By reducing workload through AI, employees can be more authentic in their responses to students, as well, said Doug Paetzell, an executive with Sprinklr, a customer-management software company. The company recently released “Sprinklr for Higher Education,” which scans for keywords and questions on social media platforms like Reddit, Facebook, Instagram and Twitter. It presents that information — like the most common hashtags used in relation to a university or the pictures with the most interaction — through dashboards and if there’s a popular set of keywords, the software can flag it for employee review.
One of the areas where this can be helpful is crisis management, Paetzell said. Because the software can scan multiple platforms for these keywords, employees would find out sooner about an on-campus safety threat or problem because it would be flagged as soon as it started picking up steam on social media.
“What we’re automating is the workflows and the processes that universities have historically had to do manually,” Paetzell said. “What we’re not automating is that authentic interaction that universities are trying to have with prospects, students and alumni.”
AI as a consultant
Higher education is also using AI to predict problems on the horizon, which comes down to scanning a large amount of data, said Mariam Tariq, an executive with the educational technology firm Ellucian.

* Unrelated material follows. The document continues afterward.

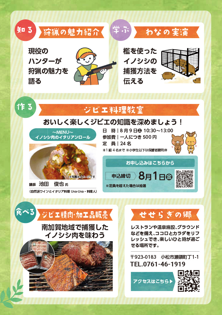8月9日(土)に石川県小松市の「せせらぎの郷」にて『狩猟体験フェスタ~自然と命にふれる~』が開催されます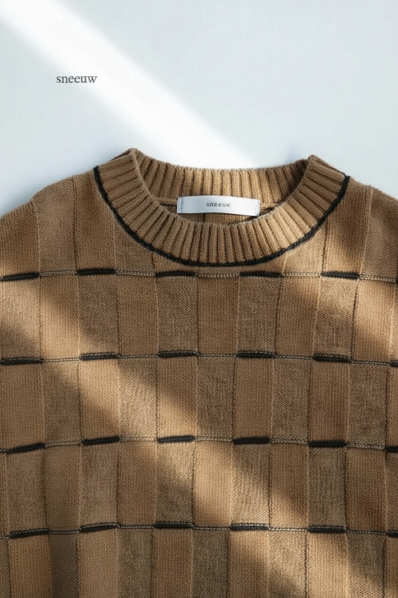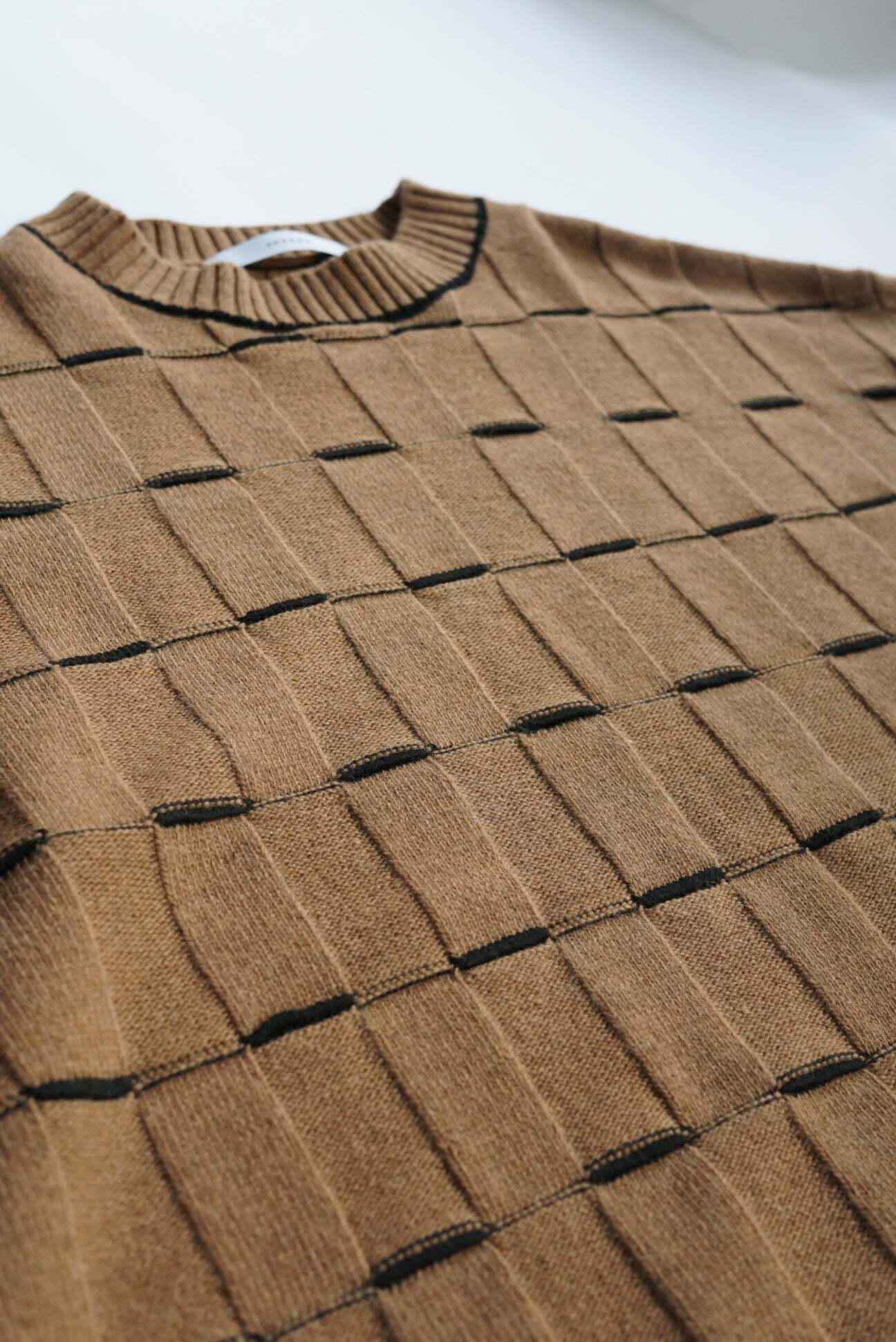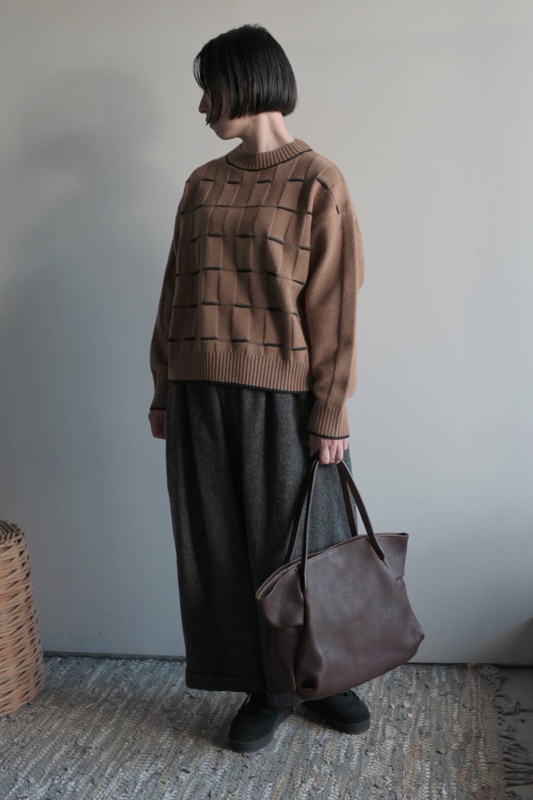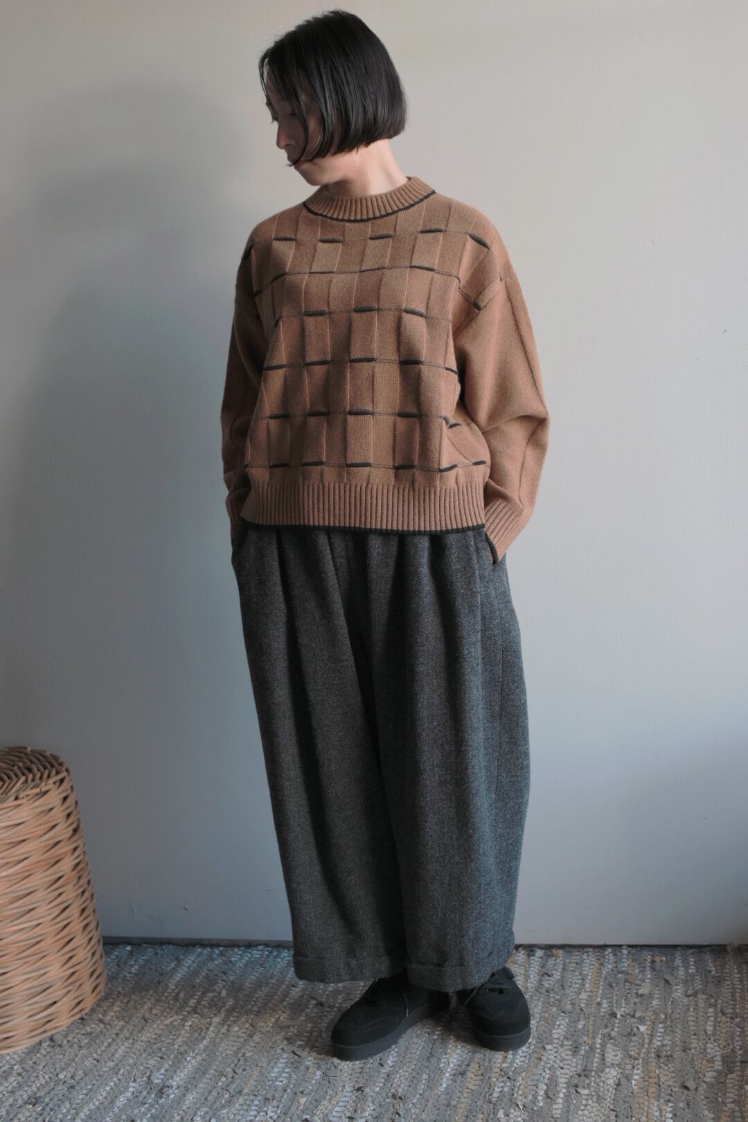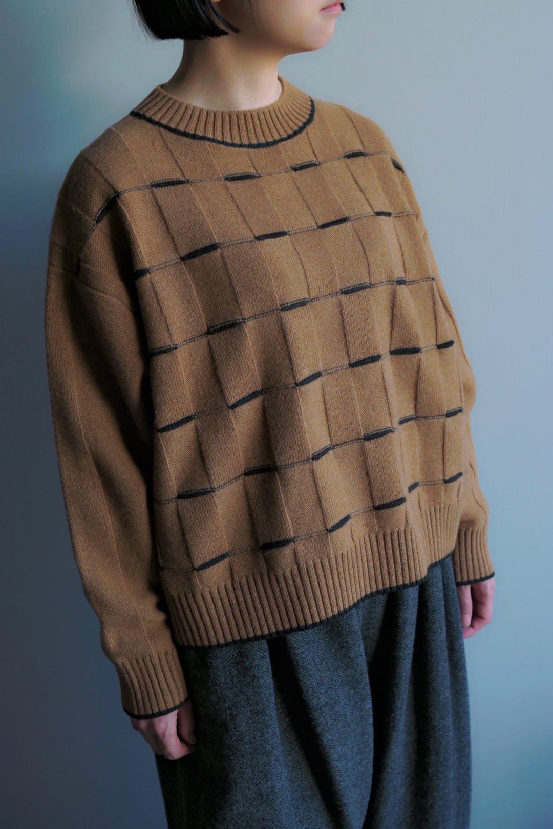 映像を編集する画面のタイムラインをイメージした模様入りのニット。

“We call it AI and machine learning and predictive analytics, but data is at the heart of it,” she said. “It’s it’s all about the data set that you have and most institutions have a lot of data. It’s just how do you aggregate it? How do you model it? How do you put it together in a way that can inform decisions? That’s really where the key is.”
AI can digest all the information involved with a student’s journey through enrollment and flag where students are lost so that recruiters or admissions officers can adjust support for that step of the process. Amid universities’ ongoing efforts to retain students, a renewed focus is to retain students who’ve been especially challenged by the pandemic. AI can mark which students are struggling.
“I come in, I have a cup of coffee, I’m logging into the Ellucian system, but I just see the flags right there, and then I can double click and then go in and look at the reports into more in more detail,” Tariq said. “This can be tailored institution-to-institution as to what kinds of trends and information is interesting, as to what what should fire off, but some of it is just surfacing the right information to the right person.”
AI might also help reduce the time employees spend going through admissions applications, but that use case is still touch-and-go. The University of Texas, Austin, used an AI-driven system for its graduate computer science program but dropped it last year because of potential bias — though it reportedly reduced time staff spent reviewing applications by 74%.
“We need administrators to be better at understanding what student success is so that AI can pick it up,” said Bonilla, the Element451 executive. “Right now we’re trying to read [higher education] statements, we’re trying to do these type of things, but the proxy continues to be GPA success, maybe one semester in. But the truth is, the [university] experience happens two years later.”
Element451 is working on how to address these biases in their software, Bonilla said. AI models work from previous decisions and information, and humans still need to set the indicators for student success and intent, he said. Adjusting for historical biases in algorithms, like whether a program has historically admitted more of a certain gender, can help the AI better do its work.
“The problem with sometimes algorithms is that when you put them around demographic data, we tend to hyper-generalize who we are as individuals,” Bonilla said. “So one of the things that we like to do is start thinking about activities as a proxy of who I am, complemented by demographics.”
This story is part of EdScoop’s Special Report on Emerging Edtech.